We present results of a pulsed dynamic nuclear polarization (DNP) study at 0.35 T (9.7 GHz/14.7 MHz for electron/(1)H Larmor frequency) using a lab frame-rotating frame cross polarization experiment that employs electron spin locking fields that match the (1)H nuclear Larmor frequency, the so called NOVEL (nuclear orientation via electron spin locking) condition. We apply the method to a series of DNP samples including a single crystal of diphenyl nitroxide (DPNO) doped benzophenone (BzP), 1,3-bisdiphenylene-2-phenylallyl (BDPA) doped polystyrene (PS), and sulfonated-BDPA (SA-BDPA) doped glycerol/water glassy matrices. The optimal Hartman-Hahn matching condition is achieved when the nutation frequency of the electron matches the Larmor frequency of the proton, omega1S = omega0I, together with possible higher order matching conditions at lower efficiencies. The magnetization transfer from electron to protons occurs on the time scale of approximately 100 ns, consistent with the electron-proton couplings on the order of 1-10 MHz in these samples. In a fully protonated single crystal DPNO/BzP, at 270 K, we obtained a maximum signal enhancement of epsilon = 165 and the corresponding gain in sensitivity of epsilonT1/TB (1/2)=230 due to the reduction in the buildup time under DNP. In a sample of partially deuterated PS doped with BDPA, we obtained an enhancement of 323 which is a factor of approximately 3.2 higher compared to the protonated version of the same sample and accounts for 49% of the theoretical limit.

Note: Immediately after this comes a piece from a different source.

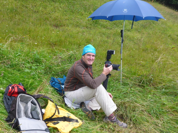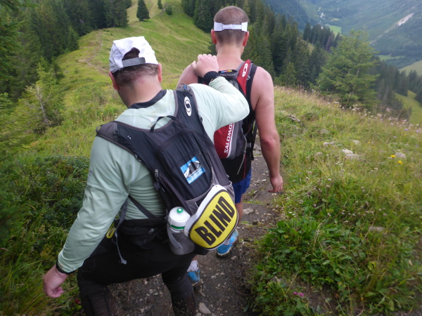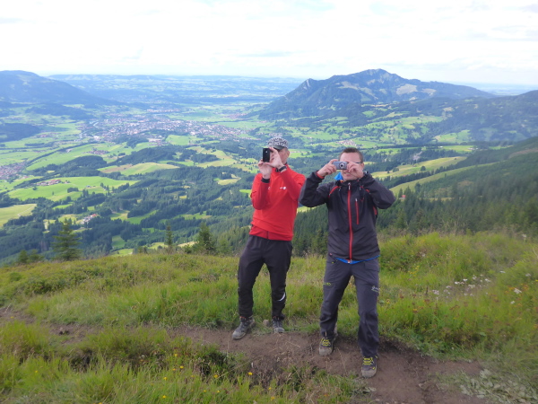 Der Untergrund wird nun schwieriger. Der Weg ist doch ziemlich aufgeweicht und matschig. Siegfried hat mit seinen Straßenlaufschuhen massive Probleme. Mir machen mittlerweile die hohen Stufen zu schaffen, die hier zu ersteigen sind. Entgegenkommende Wanderer berichten, dass der Gipfel nahe ist. Wir können schon die lauten Anfeuerungsrufe der Helfer hören. Dann liegt er tatsächlich über uns. Noch ein paar Schritte und ich bin oben. Ein Helfer hilft den Akku zu wechseln. Das Gipfelfoto mit dem sehbehinderten Didi und seinem Guide Jürgen ist Ehrensache.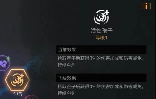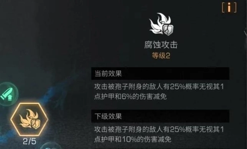 2、腐蚀攻击可带来更高伤害,提升至5级后,对被孢子附身的敌人有30%几率无视其2点护甲与10%伤害减免;活性孢子能让武士进团后将该技能升至5级,拾取孢子后可获得8%伤害加成与8%伤害减免,效果持续8秒。

For the SA-BDPA doped glycerol/water glassy matrix at 80 K, the sample condition used in most applications of DNP in nuclear magnetic resonance, we also observed a significant enhancement. Our findings demonstrate that pulsed DNP via the NOVEL sequence is highly efficient and can potentially surpass continuous wave DNP mechanisms such as the solid effect and cross effect which scale unfavorably with increasing magnetic field. Furthermore, pulsed DNP is also a promising avenue for DNP at high temperature.